The sun has passed over her head by the time Laima comes in the room and runs her weathered hands through Anna’s hair. “Labrit,” she says, good morning, and then she sings a little song that is virtually unintelligible, and Anna hugs her and follows her to the kitchen for bread and fish.

As they are eating their breakfast Dima comes to the door and tells Anna that he is taking the boat to Kolpashevo again, and is just stopping by to see if she wants to go with them.

And Anna says yes, she does.

Yes, let’s go.

She is a little amazed at herself. She felt only minutes before that it would take something dramatic, something overwhelming, to break the murky inertia surrounding her and bring her away from Krolosk and back to America: the sudden arrival of Michael Perch, the death of Laima, or even an intense personal revelation. But Dima asks so simply and it is suddenly so easy to say yes, to leave the unsurprised Laima, to simply move on.

**********

The end of the hero’s quest is, of course, the return. The hero goes out, following his call; he becomes initiated and gains the ultimate boon; but as Campbell points out, his quest means nothing until he returns and brings his boon back to change and enhance the rest of the world.

As a travel journalist, it seems like my “return” is simply in my writing, my articles being the boon that I share. But I am constantly plagued by the feeling that these articles I write give little to the world beyond a few moments of entertainment or distraction. Who remembers them, a year after publication? Who is changed by the things I show them? Is anything in the world ever altered by my observation or outrage? Or do people read my articles, think “that’s sad/funny/interesting/horrible,” and then go on with their lives, forgetting every single word? Is it true that journalism, like poetry, makes nothing happen?

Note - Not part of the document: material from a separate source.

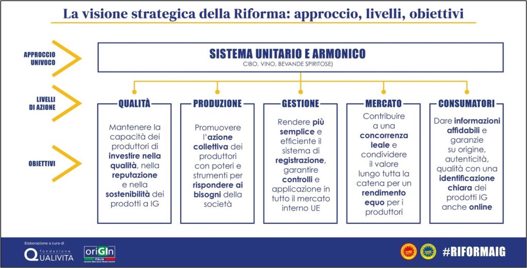 La visione strategia della riforma – con le novità introdotte – intende aumentare la protezione e rafforzare il settore delle Indicazioni Geografiche, ritenuto fondamentale nello scenario europeo da un punto di vista economico, ma anche a livello culturale e di sviluppo territoriale.
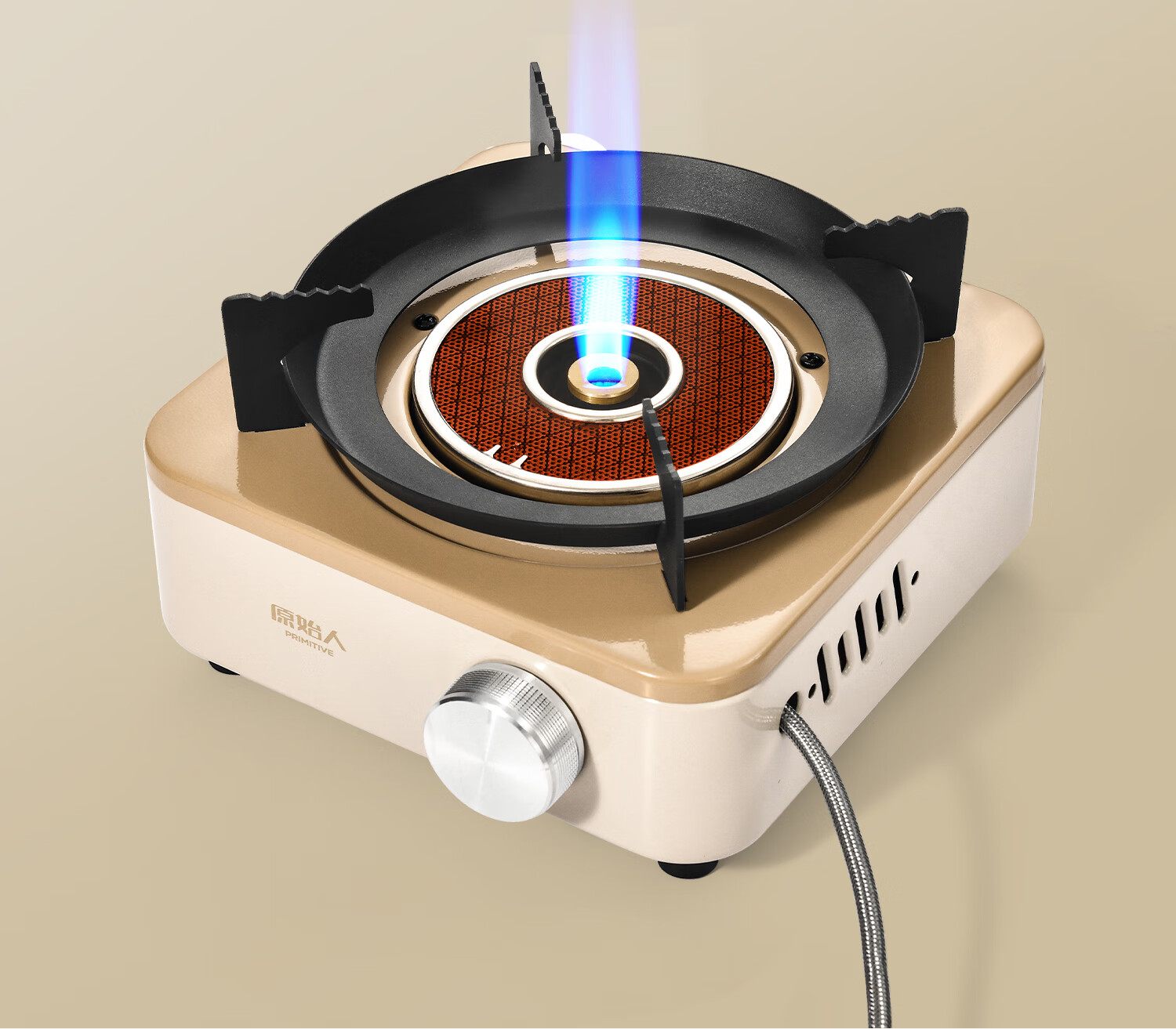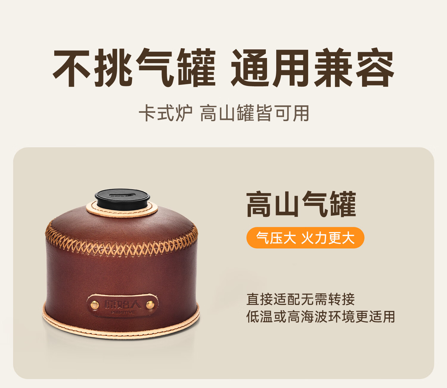 原始人(The Primitive)卡式炉户外便携式分体式炊具套装露营野外装备全套新款煮茶炉具 卡其色【带稳压】赠收纳包+转接头

More importantly, I am a traveler by profession, and as such have nowhere to return to. I have lived in Berlin, in Moscow, in Paris; I still have family in Maryland and Arizona. But none of these places are “home” anymore: and without a home, without a final place to stay, the traveler is always traveling, and can never really finish the quest.

So I always wonder, on each new quest, whether I will encounter something more, some greater boon to be gained than simple experience and funny stories. Something transcendent. Something earth-shattering. A real return: what Campbell calls the Freedom to Live, the ability to exist without anticipating the future or regretting the past.

If I find it, I’ll let you know.

– from Michael Perch, “A Lifelong Quest: Becoming a Travel Writer,” reprinted in Turn Left at the Yak in the Road: A Life of Travel, Transit Press, 2000.